- [EXERCISE REQUIREMENTS] Among the entries below, find the line with "BERLIN 1964 Michel-Nummer" and the line with "Ngày 02 tháng". Return exactly those lines and every line between them, but no pictures.

- [DATASET RECORDS]
»»
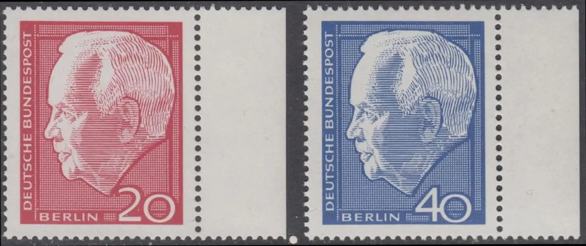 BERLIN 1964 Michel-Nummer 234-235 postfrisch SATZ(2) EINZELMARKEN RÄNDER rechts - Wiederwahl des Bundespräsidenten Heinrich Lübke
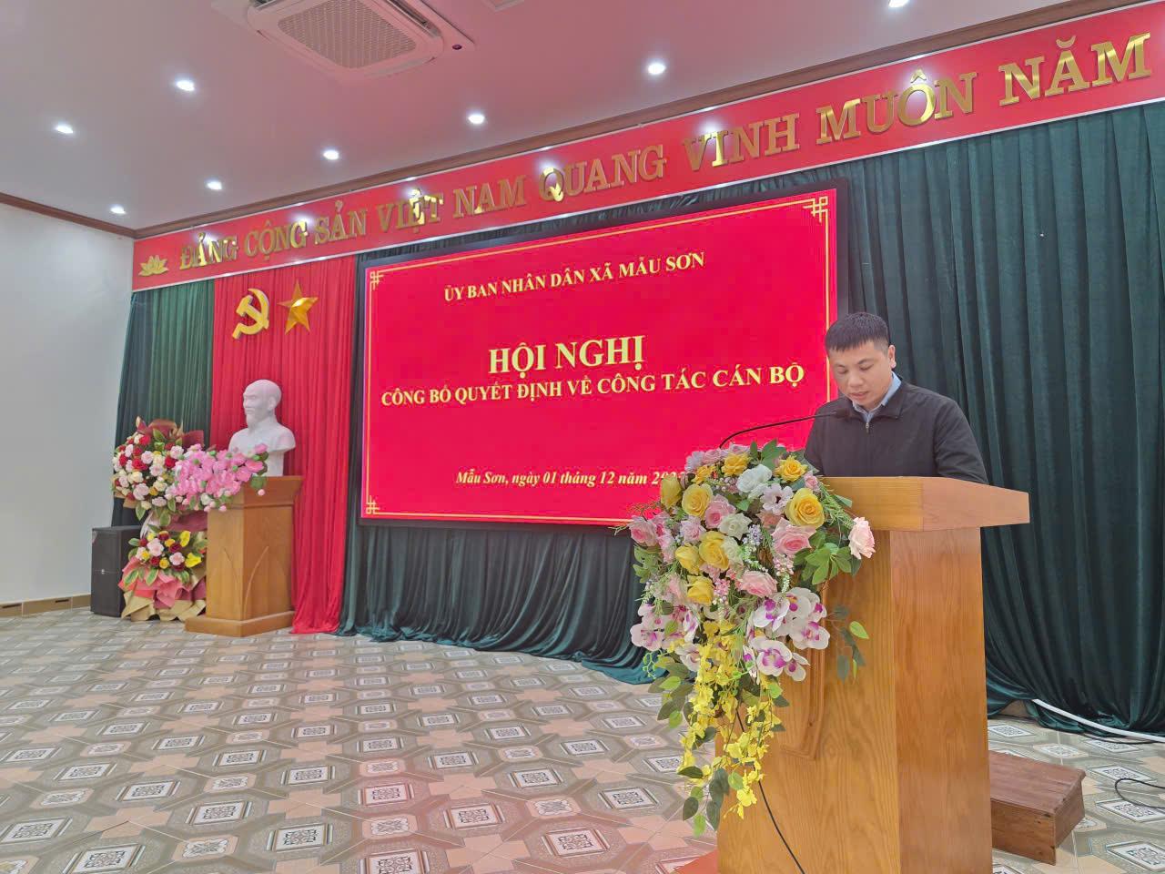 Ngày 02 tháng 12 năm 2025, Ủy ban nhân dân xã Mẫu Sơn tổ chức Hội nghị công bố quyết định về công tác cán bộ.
««
»»
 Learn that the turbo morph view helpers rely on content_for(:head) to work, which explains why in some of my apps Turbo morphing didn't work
««
- [EXERCISE OUTPUT]
 BERLIN 1964 Michel-Nummer 234-235 postfrisch SATZ(2) EINZELMARKEN RÄNDER rechts - Wiederwahl des Bundespräsidenten Heinrich Lübke
 Ngày 02 tháng 12 năm 2025, Ủy ban nhân dân xã Mẫu Sơn tổ chức Hội nghị công bố quyết định về công tác cán bộ.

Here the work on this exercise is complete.